What to produce =
From the records below, copy out exactly the lines from the one containing "- Offer review" to the one containing "itSnapは20代前半から", both included. Add nothing else.

Provided entries =
■ ■ ■ ■

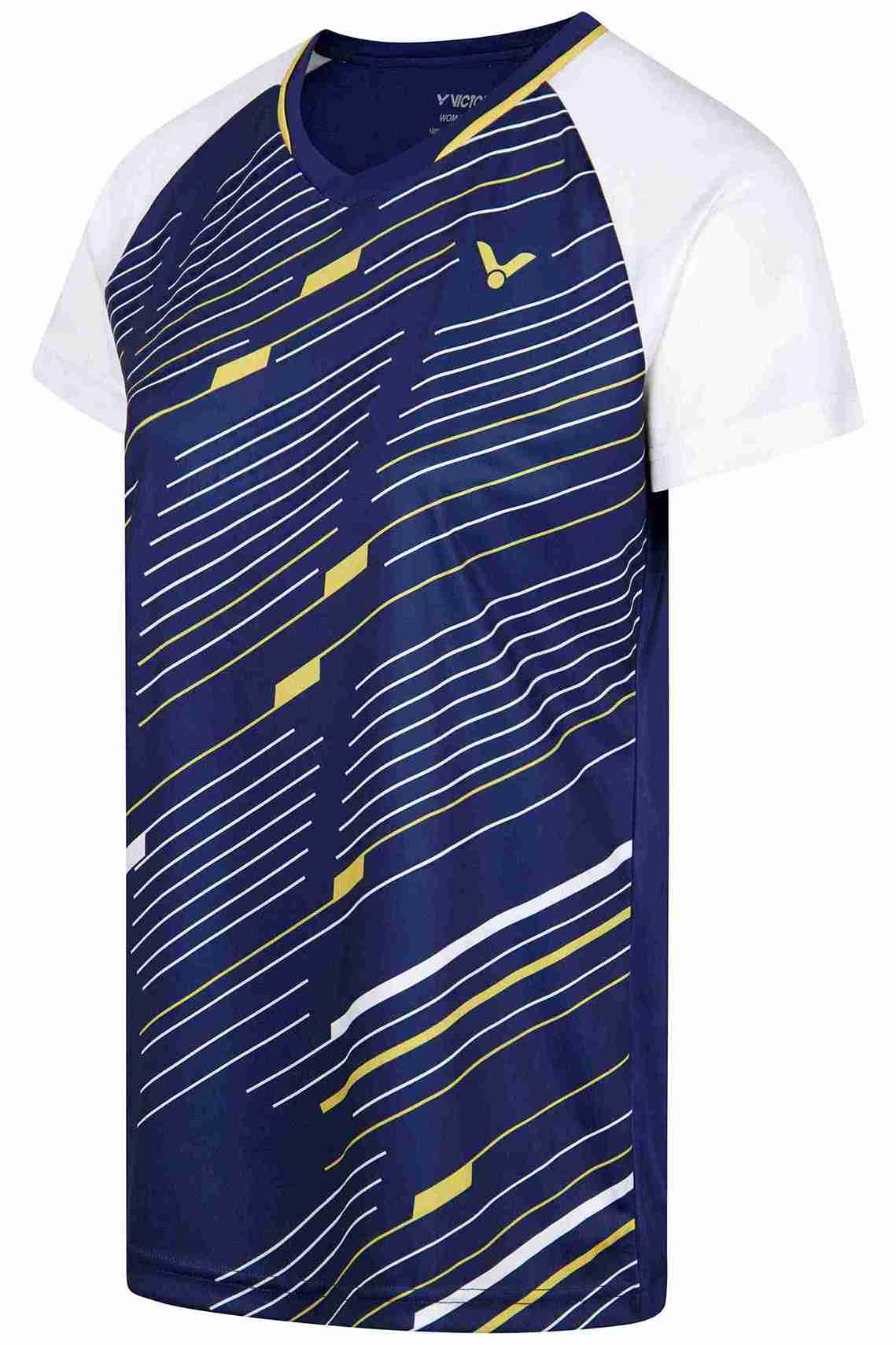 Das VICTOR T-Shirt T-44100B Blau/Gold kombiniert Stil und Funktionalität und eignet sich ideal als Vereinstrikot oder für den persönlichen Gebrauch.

■ ■ ■ ■

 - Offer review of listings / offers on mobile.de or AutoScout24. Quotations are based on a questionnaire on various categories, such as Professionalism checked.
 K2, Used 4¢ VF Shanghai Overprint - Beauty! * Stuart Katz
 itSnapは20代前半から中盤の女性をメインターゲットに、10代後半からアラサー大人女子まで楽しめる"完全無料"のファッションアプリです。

■ ■ ■ ■

Task response =
 - Offer review of listings / offers on mobile.de or AutoScout24. Quotations are based on a questionnaire on various categories, such as Professionalism checked.
 K2, Used 4¢ VF Shanghai Overprint - Beauty! * Stuart Katz
 itSnapは20代前半から中盤の女性をメインターゲットに、10代後半からアラサー大人女子まで楽しめる"完全無料"のファッションアプリです。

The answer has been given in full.